TASK DETAILS
Copy every record verbatim. Leave the pictures out.

SUPPLIED RECORDS

· · ·

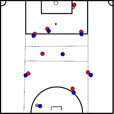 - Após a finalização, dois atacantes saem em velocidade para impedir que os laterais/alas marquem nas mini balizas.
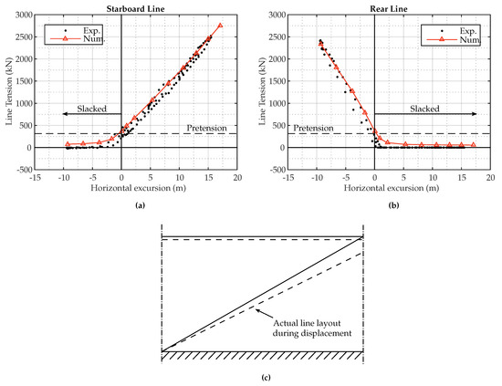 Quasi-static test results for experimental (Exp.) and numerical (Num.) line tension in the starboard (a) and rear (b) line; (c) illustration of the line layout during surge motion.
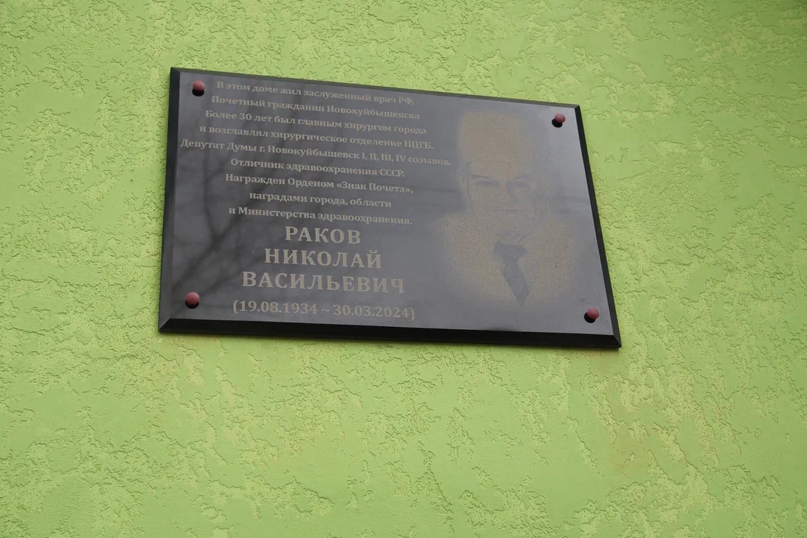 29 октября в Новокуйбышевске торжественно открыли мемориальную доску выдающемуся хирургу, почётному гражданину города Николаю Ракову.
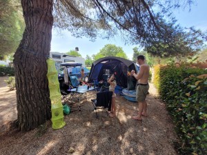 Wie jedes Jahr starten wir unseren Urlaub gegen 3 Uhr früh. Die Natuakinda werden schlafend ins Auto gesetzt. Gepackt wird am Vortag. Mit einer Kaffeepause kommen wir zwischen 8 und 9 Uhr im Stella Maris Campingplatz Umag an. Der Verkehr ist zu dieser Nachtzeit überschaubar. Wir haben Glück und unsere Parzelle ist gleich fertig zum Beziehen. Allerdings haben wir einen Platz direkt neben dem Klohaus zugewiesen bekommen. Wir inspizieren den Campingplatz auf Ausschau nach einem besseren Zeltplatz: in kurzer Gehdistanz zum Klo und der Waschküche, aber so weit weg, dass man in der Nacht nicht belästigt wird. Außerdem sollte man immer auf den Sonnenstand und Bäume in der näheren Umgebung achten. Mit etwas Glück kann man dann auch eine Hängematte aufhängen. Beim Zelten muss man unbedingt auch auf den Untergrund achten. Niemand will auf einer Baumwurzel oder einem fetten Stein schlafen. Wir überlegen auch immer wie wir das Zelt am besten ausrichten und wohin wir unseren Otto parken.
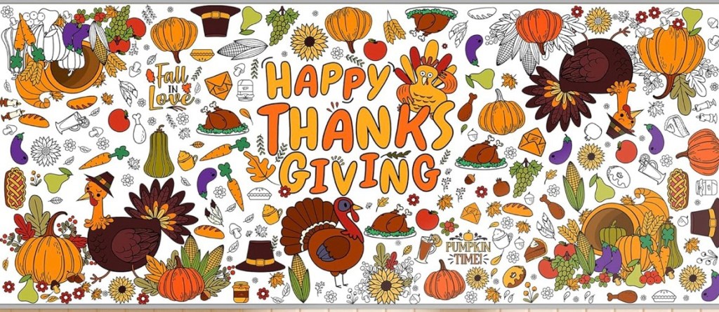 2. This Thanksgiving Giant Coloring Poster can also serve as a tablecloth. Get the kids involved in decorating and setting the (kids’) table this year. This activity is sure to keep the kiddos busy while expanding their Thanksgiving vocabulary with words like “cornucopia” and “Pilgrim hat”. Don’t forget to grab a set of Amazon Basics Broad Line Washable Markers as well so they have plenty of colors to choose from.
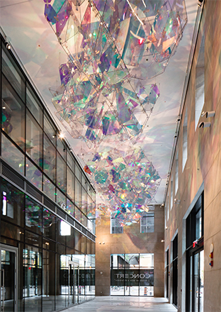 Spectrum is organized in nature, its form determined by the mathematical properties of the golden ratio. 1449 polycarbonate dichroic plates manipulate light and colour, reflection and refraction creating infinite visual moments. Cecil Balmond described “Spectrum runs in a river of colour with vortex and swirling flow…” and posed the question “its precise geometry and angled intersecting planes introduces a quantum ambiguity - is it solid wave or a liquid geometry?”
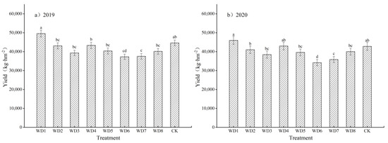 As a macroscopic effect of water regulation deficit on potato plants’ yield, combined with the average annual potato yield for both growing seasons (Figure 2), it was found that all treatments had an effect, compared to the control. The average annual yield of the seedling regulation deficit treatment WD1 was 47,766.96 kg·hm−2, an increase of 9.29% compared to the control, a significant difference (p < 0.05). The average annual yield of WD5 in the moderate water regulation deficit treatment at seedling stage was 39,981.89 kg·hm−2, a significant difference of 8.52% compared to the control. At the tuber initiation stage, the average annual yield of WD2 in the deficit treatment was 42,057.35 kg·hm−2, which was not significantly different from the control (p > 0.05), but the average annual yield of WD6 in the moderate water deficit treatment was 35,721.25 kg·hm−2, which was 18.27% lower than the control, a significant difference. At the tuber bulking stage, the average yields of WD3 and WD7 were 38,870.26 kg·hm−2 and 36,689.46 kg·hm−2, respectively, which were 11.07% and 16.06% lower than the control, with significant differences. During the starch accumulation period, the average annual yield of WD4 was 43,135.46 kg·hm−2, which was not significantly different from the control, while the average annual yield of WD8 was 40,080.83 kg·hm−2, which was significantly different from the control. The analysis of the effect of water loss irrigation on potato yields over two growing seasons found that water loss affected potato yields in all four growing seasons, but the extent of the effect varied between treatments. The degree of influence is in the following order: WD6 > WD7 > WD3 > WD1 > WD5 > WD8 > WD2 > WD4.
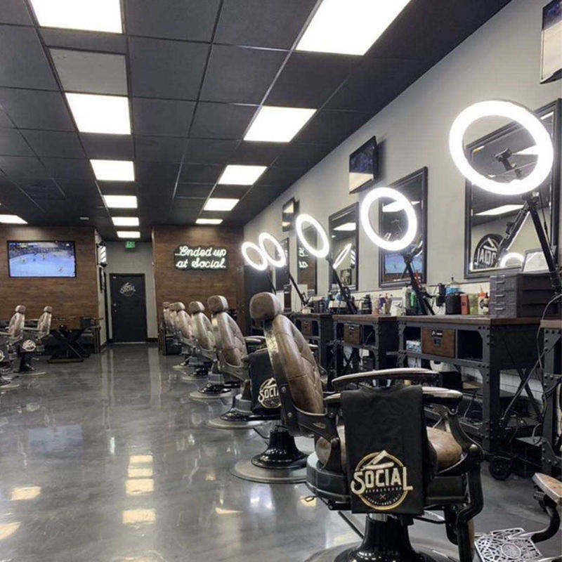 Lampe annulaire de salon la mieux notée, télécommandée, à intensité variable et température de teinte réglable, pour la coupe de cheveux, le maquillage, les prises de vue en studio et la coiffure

· · ·

OUTPUT BELOW
 - Após a finalização, dois atacantes saem em velocidade para impedir que os laterais/alas marquem nas mini balizas.
 Quasi-static test results for experimental (Exp.) and numerical (Num.) line tension in the starboard (a) and rear (b) line; (c) illustration of the line layout during surge motion.
 29 октября в Новокуйбышевске торжественно открыли мемориальную доску выдающемуся хирургу, почётному гражданину города Николаю Ракову.
 Wie jedes Jahr starten wir unseren Urlaub gegen 3 Uhr früh. Die Natuakinda werden schlafend ins Auto gesetzt. Gepackt wird am Vortag. Mit einer Kaffeepause kommen wir zwischen 8 und 9 Uhr im Stella Maris Campingplatz Umag an. Der Verkehr ist zu dieser Nachtzeit überschaubar. Wir haben Glück und unsere Parzelle ist gleich fertig zum Beziehen. Allerdings haben wir einen Platz direkt neben dem Klohaus zugewiesen bekommen. Wir inspizieren den Campingplatz auf Ausschau nach einem besseren Zeltplatz: in kurzer Gehdistanz zum Klo und der Waschküche, aber so weit weg, dass man in der Nacht nicht belästigt wird. Außerdem sollte man immer auf den Sonnenstand und Bäume in der näheren Umgebung achten. Mit etwas Glück kann man dann auch eine Hängematte aufhängen. Beim Zelten muss man unbedingt auch auf den Untergrund achten. Niemand will auf einer Baumwurzel oder einem fetten Stein schlafen. Wir überlegen auch immer wie wir das Zelt am besten ausrichten und wohin wir unseren Otto parken.
 2. This Thanksgiving Giant Coloring Poster can also serve as a tablecloth. Get the kids involved in decorating and setting the (kids’) table this year. This activity is sure to keep the kiddos busy while expanding their Thanksgiving vocabulary with words like “cornucopia” and “Pilgrim hat”. Don’t forget to grab a set of Amazon Basics Broad Line Washable Markers as well so they have plenty of colors to choose from.
 Spectrum is organized in nature, its form determined by the mathematical properties of the golden ratio. 1449 polycarbonate dichroic plates manipulate light and colour, reflection and refraction creating infinite visual moments. Cecil Balmond described “Spectrum runs in a river of colour with vortex and swirling flow…” and posed the question “its precise geometry and angled intersecting planes introduces a quantum ambiguity - is it solid wave or a liquid geometry?”
 As a macroscopic effect of water regulation deficit on potato plants’ yield, combined with the average annual potato yield for both growing seasons (Figure 2), it was found that all treatments had an effect, compared to the control. The average annual yield of the seedling regulation deficit treatment WD1 was 47,766.96 kg·hm−2, an increase of 9.29% compared to the control, a significant difference (p < 0.05). The average annual yield of WD5 in the moderate water regulation deficit treatment at seedling stage was 39,981.89 kg·hm−2, a significant difference of 8.52% compared to the control. At the tuber initiation stage, the average annual yield of WD2 in the deficit treatment was 42,057.35 kg·hm−2, which was not significantly different from the control (p > 0.05), but the average annual yield of WD6 in the moderate water deficit treatment was 35,721.25 kg·hm−2, which was 18.27% lower than the control, a significant difference. At the tuber bulking stage, the average yields of WD3 and WD7 were 38,870.26 kg·hm−2 and 36,689.46 kg·hm−2, respectively, which were 11.07% and 16.06% lower than the control, with significant differences. During the starch accumulation period, the average annual yield of WD4 was 43,135.46 kg·hm−2, which was not significantly different from the control, while the average annual yield of WD8 was 40,080.83 kg·hm−2, which was significantly different from the control. The analysis of the effect of water loss irrigation on potato yields over two growing seasons found that water loss affected potato yields in all four growing seasons, but the extent of the effect varied between treatments. The degree of influence is in the following order: WD6 > WD7 > WD3 > WD1 > WD5 > WD8 > WD2 > WD4.
 Lampe annulaire de salon la mieux notée, télécommandée, à intensité variable et température de teinte réglable, pour la coupe de cheveux, le maquillage, les prises de vue en studio et la coiffure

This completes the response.